WORK REQUEST:
Starting at the line that contains "安否確認センサー (人感センサー)", reproduce only the lines through the end of the data, exactly, including both the first and the last; skip the pictures.

DATA TO PROCESS:
▼

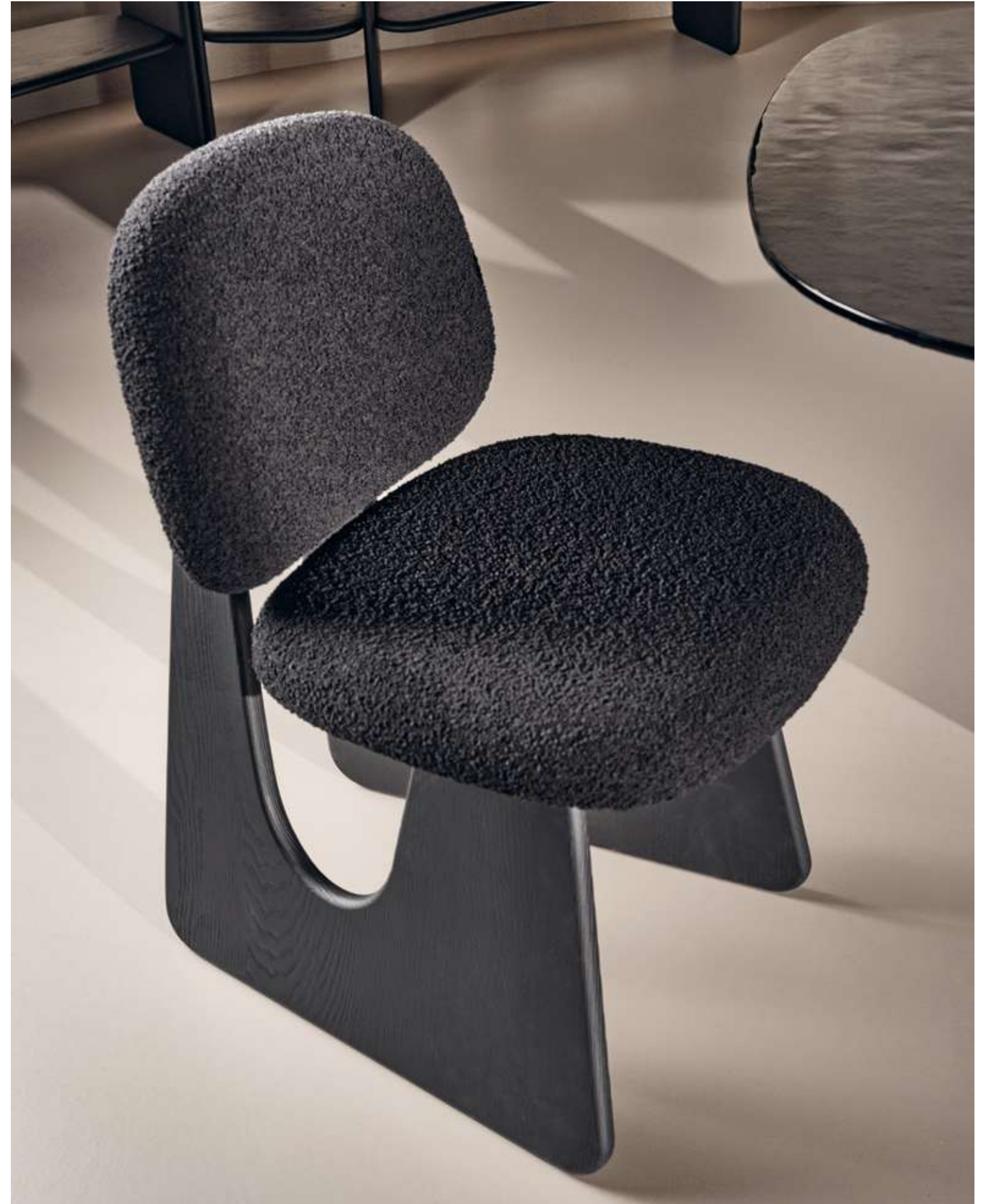
EN Twig Seating with absolute black ash wood structure and bouclé B10 fabric.
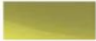
52434 - 生态绿
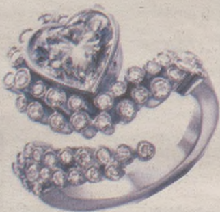
Emakumezkoendako eraztuna Etxeberria bitxitegia Bidekurutzeta 16
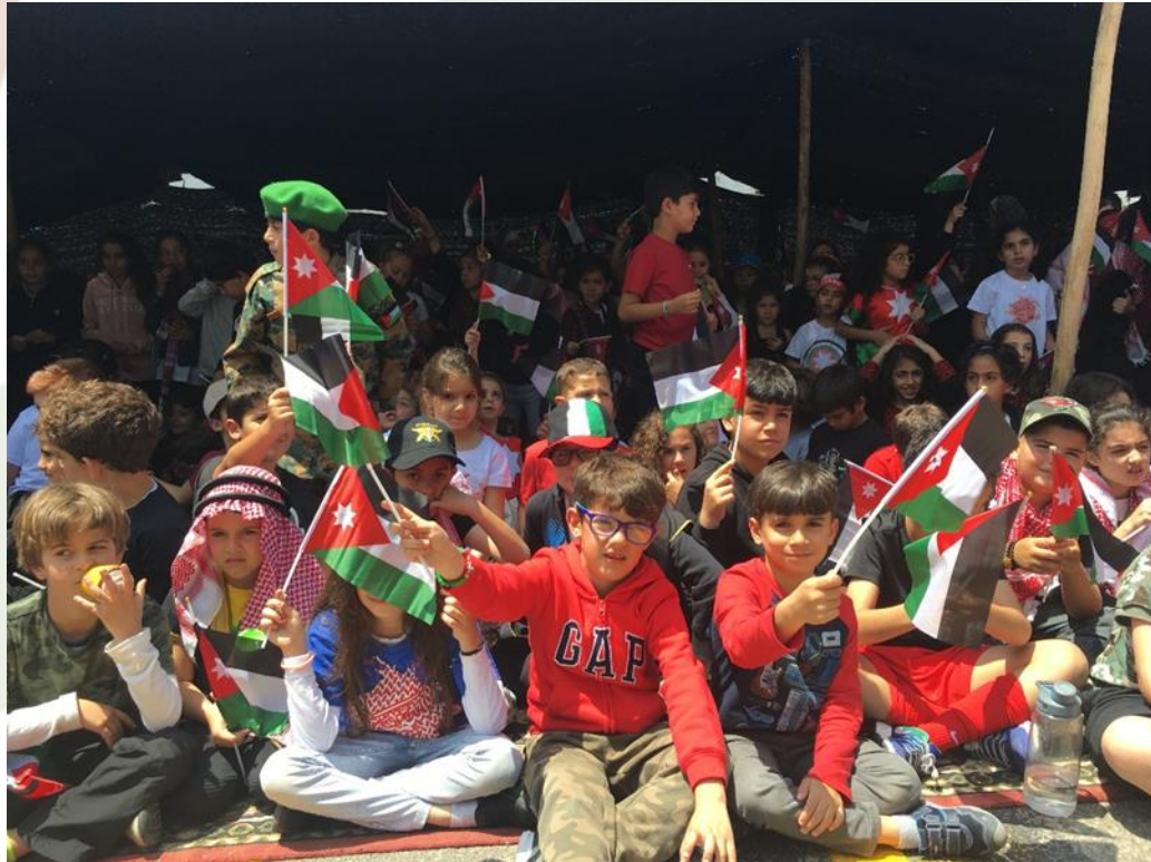
الاحتفال بعيد الاستقلال لطلبة الروضة
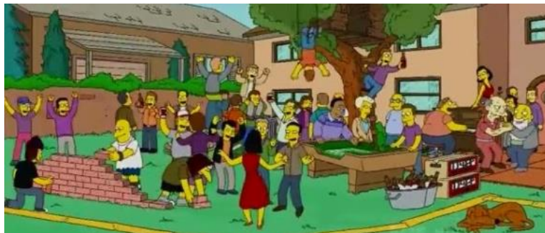
Imagen 16: Ciudadanos celebrando una fiesta, ya que las cámaras no lo pueden ver.

Bart, cansado de su vecino, descubre que detrás de su casa hay un punto ciego, así que él y su padre comienzan a hacer fiestas libertinas donde acude toda la ciudad. Flanders se entera del punto ciego y quiere disolver la fiesta, pero Homer le hace entender que no es ético vigilar a toda la ciudad.
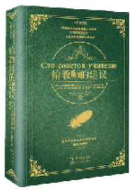
《给教师的建议》 [苏联]苏霍姆林斯基 著 长江文艺出版社
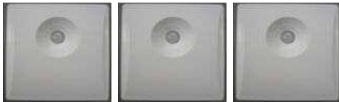
安否確認センサー (人感センサー)
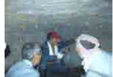
窯内に入って補修箇所の点検
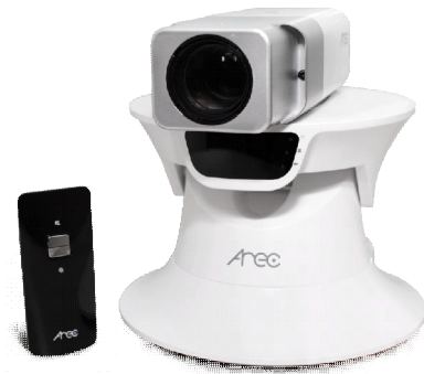
Sistema de Seguimiento Automático AREC TP-100
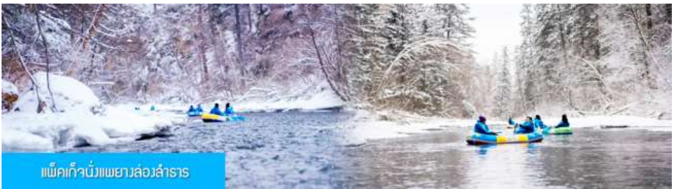
แพ็กเกิ้งนั่งแพยางล่องลำธาร

พักที่ QIUSHA MEISHU HOTEL โรงแรมระดับ 4 ดาวท้องถิ่นหรือเทียบเท่า ในเมืองฉางไป๋ซาน
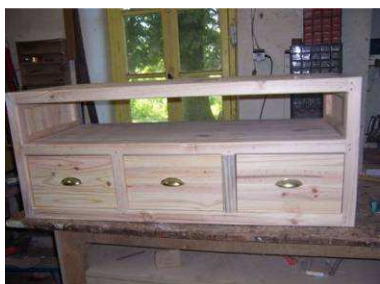
Pose des poignées.

Meuble en cours de finition dans l'atelier. J'ai utilisé un vernis teinté type « aquaréthane ».
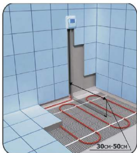
Схема укладки датчика температуры в гофрированной трубке

Установка датчика производится в штробу по полу и по стене. В целях защиты от механических повреждений, необходимо поместить датчик температуры в гофрированную трубу (входит в комплект). На полу штроба прокладывается между "витками" кабеля и должна быть такой длины, чтобы на 20-30 см заходить в зону, где будет лежать мат (рисунок 1). Важное условие - нельзя проводить гофру с датчиком под греющим кабелем; расположение датчика температуры должно находиться на равном расстоянии от соседних витков греющего кабеля.
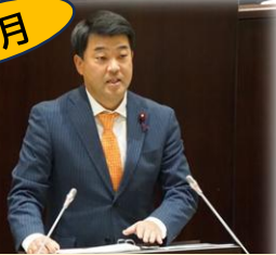
令和6年11月定例会 一般質問
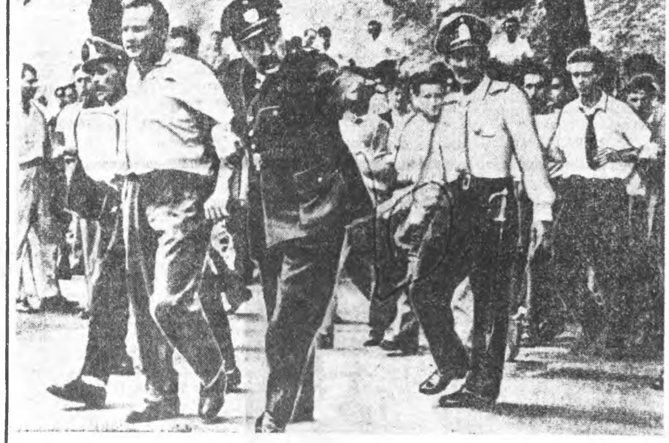
Уругвайн ажалшад өөһдөнгө эрхын түлөө зоримгойгоор тэмсэе. Хүдэлмэршэд, студентүүдэй забастовконууд— бүхы орон дотор боложо байна. Юумэнэй үнэ сэнгэй хүндэрхэнэй хүлүүдэр са- баадаһан хүдэлмэршэд, студентизрыс түрмэдэ хаана. ЗУРАГ ДЭЭРЭ: Монтевидео хотын ажалшаддэ демонстрацида хабаадагыс баряад туужа ябана.

Бонной Вашингтоной хоорондох сэрэгэй-политическэ хэлсэе барисае бэхжүүлэхэ гэдэн хүсэлэгтэй Европод аюулгүй байдал хангаха асуудлые улам түбэгтэй болгоно, тингээхэ ФРГ-гай хүрнэ буудад түрүүлгэ ханаатай байжа шадахагүй.
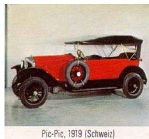
Pic-Pic, 1919 (Schweiz)
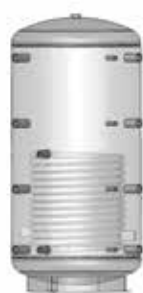
ACK 501R – 5001R
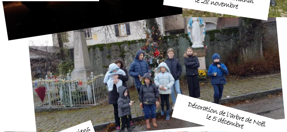
Décoration de l'arbre de Noël le 5 décembre

▲

REPLY:
安否確認センサー (人感センサー)
窯内に入って補修箇所の点検
Sistema de Seguimiento Automático AREC TP-100
แพ็กเกิ้งนั่งแพยางล่องลำธาร

พักที่ QIUSHA MEISHU HOTEL โรงแรมระดับ 4 ดาวท้องถิ่นหรือเทียบเท่า ในเมืองฉางไป๋ซาน
Pose des poignées.

Meuble en cours de finition dans l'atelier. J'ai utilisé un vernis teinté type « aquaréthane ».
Схема укладки датчика температуры в гофрированной трубке

Установка датчика производится в штробу по полу и по стене. В целях защиты от механических повреждений, необходимо поместить датчик температуры в гофрированную трубу (входит в комплект). На полу штроба прокладывается между "витками" кабеля и должна быть такой длины, чтобы на 20-30 см заходить в зону, где будет лежать мат (рисунок 1). Важное условие - нельзя проводить гофру с датчиком под греющим кабелем; расположение датчика температуры должно находиться на равном расстоянии от соседних витков греющего кабеля.
令和6年11月定例会 一般質問
Уругвайн ажалшад өөһдөнгө эрхын түлөө зоримгойгоор тэмсэе. Хүдэлмэршэд, студентүүдэй забастовконууд— бүхы орон дотор боложо байна. Юумэнэй үнэ сэнгэй хүндэрхэнэй хүлүүдэр са- баадаһан хүдэлмэршэд, студентизрыс түрмэдэ хаана. ЗУРАГ ДЭЭРЭ: Монтевидео хотын ажалшаддэ демонстрацида хабаадагыс баряад туужа ябана.

Бонной Вашингтоной хоорондох сэрэгэй-политическэ хэлсэе барисае бэхжүүлэхэ гэдэн хүсэлэгтэй Европод аюулгүй байдал хангаха асуудлые улам түбэгтэй болгоно, тингээхэ ФРГ-гай хүрнэ буудад түрүүлгэ ханаатай байжа шадахагүй.
Pic-Pic, 1919 (Schweiz)
ACK 501R – 5001R
Décoration de l'arbre de Noël le 5 décembre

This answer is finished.